There are 3 different accept versions in winsock. Aside from the basic accept which is there for standard compliance, there's also AcceptEx which seems the most advanced version (due to it's overlapped io capabilities), and WSAAccept. The latter supports a condition callback, which as far as I understand, allows the rejection of connection requests before they're accepted (when the SO_CONDITIONAL_ACCEPT option is enabled). None of the other versions supports this functionality.
Since I prefer to use AcceptEx with overlapped io, I wonder how come this functionality is only available in the simpler version?
I don't know enough about the inner workings of TCP to tell wehter there's actually any difference between rejecting a connection before it has been accepted, and disconnecting a socket right after a connection has been established? And if there is, is there any way to mimic the WSAAccept functionality with AcceptEx?
Can someone shed some light over this issue?
When a connection is established, the remote end sends a packet with the SYN flag set. The server answers with a SYN,ACK packet, and after that the remote end sends an ACK packet, which may already contain data.
There are two ways to break a TCP connection from forming. The first is resetting the connection - this is the same as the common "connection refused" message seen when connecting to a port nobody is listening to. In this case, the original SYN packet is answered with a RST packet, which terminates the connection immediately and is stateless. If the SYN is resent, RST will be generated from every received SYN packet.
The second is closing the connection as soon as it has been formed.

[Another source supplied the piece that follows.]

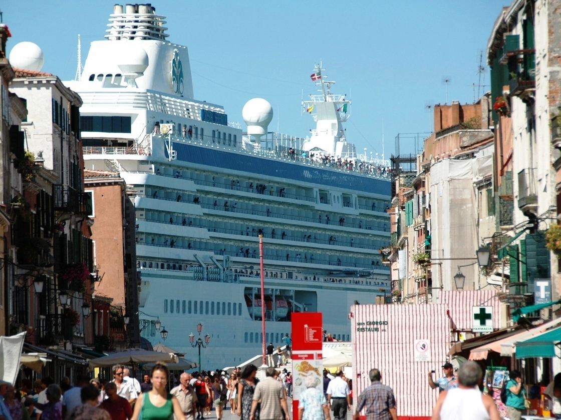On an average day, tens of thousands of passengers lean over the railings of cruise ships that can be 300 yards long and 15 stories high. The tourists peer down at the majestic Doge’s Palace as they sail into St. Mark’s basin and down the Giudecca canal.

On the TCP level, there is no way to close the connection both ways immediately - the only thing you can say is that "I am not going to send any more data". This happens so that when the initial SYN, SYN,ACK, ACK exchange has finished, the server sends a FIN packet to the remote end. In most cases, telling the other end with FIN that "I am not going to send any more data" makes the other end close the connection as well, and send it's own FIN packet. A connection terminated this way isn't any different from a normal connection where no data was sent for some reason. This means that the normal state tracking for TCP connections and the lingering close states will persist, just like for normal connections.

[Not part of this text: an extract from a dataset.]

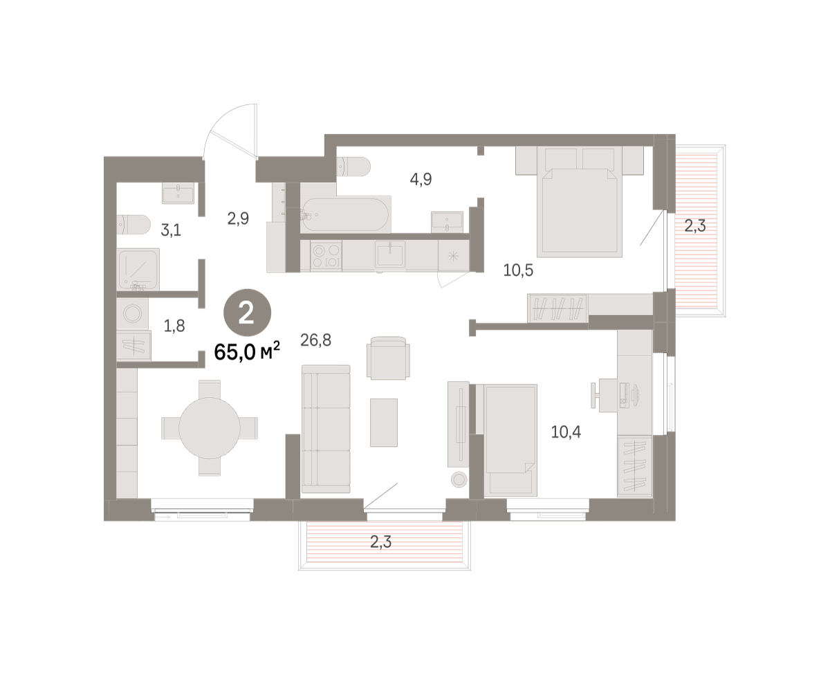 Квартира с кухней-гостиной и двумя спальнями в районе Шишимская горка. Особенности планировки: балкон, мастер-спальня, постирочная, предчистовая отделка, разнесённые спальни, стартовая цена.

Now, on the C API side, this looks a bit different. When calling listen() on a port, the OS starts accepting connections on that port. This means that is starts replying SYN,ACK packets to connections, regardless if the C code has called accept() yet. So, on the TCP side, it makes no difference whether the connection is somehow closed before or after accept. The only additional concern is that a listening socket has a backlog, which means the number of non-accepted connections it can have waiting, before it starts saying RST to the remote end.

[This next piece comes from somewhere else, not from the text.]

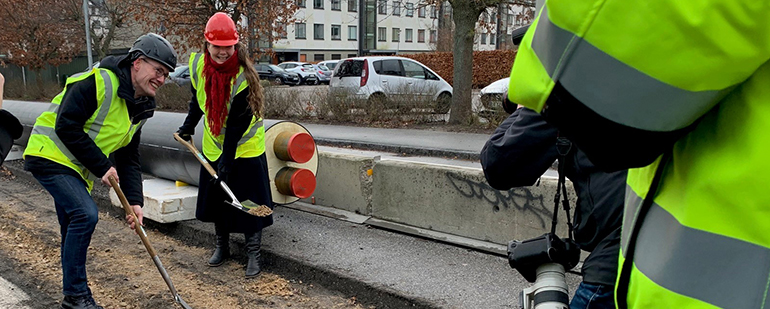 Borgmester Marie Stærke og distributionschef Thomas Hopp tog hver især det første spadestik til 2. bølge af fjernvarme. I Nylandskvarteret anlægges en ny stor hovedledning, som skal forsyne et stort boligområde med 1.850 boliger omkring Nylandsvej samt et erhvervsområde i Køge Nord.

However, on windows, the SO_CONDITIONAL_ACCEPT call allows the application to take control of the backlog queue. This means that the server will not answer anything to a SYN packet until the application does something with the connection. This means, that rejecting connections at this level can actually send RST packets to the network without creating state.
So, if you cannot get the SO_CONDITIONAL_ACCEPT functionality enabled somehow on the socket you are using AcceptEx on, it will show up differently to the network. However, not many places actually use the immediate RST functionality, so I would think the requirement for that must mean a very specialized system indeed. For most common use cases, accepting a socket and then closing it is the normal way to behave.
I can't comment on the Windows side of things but as far as TCP is concerned, rejecting a connection is a bit different than disconnecting from it.
For one, disconnecting from a connection means there were more resources already "consumed" (e.g. ports state maintained in Firewalls & end-points, forwarding capacity used in switches/routers etc.) in both the network and the hosts. Rejecting a connection is less resource intensive.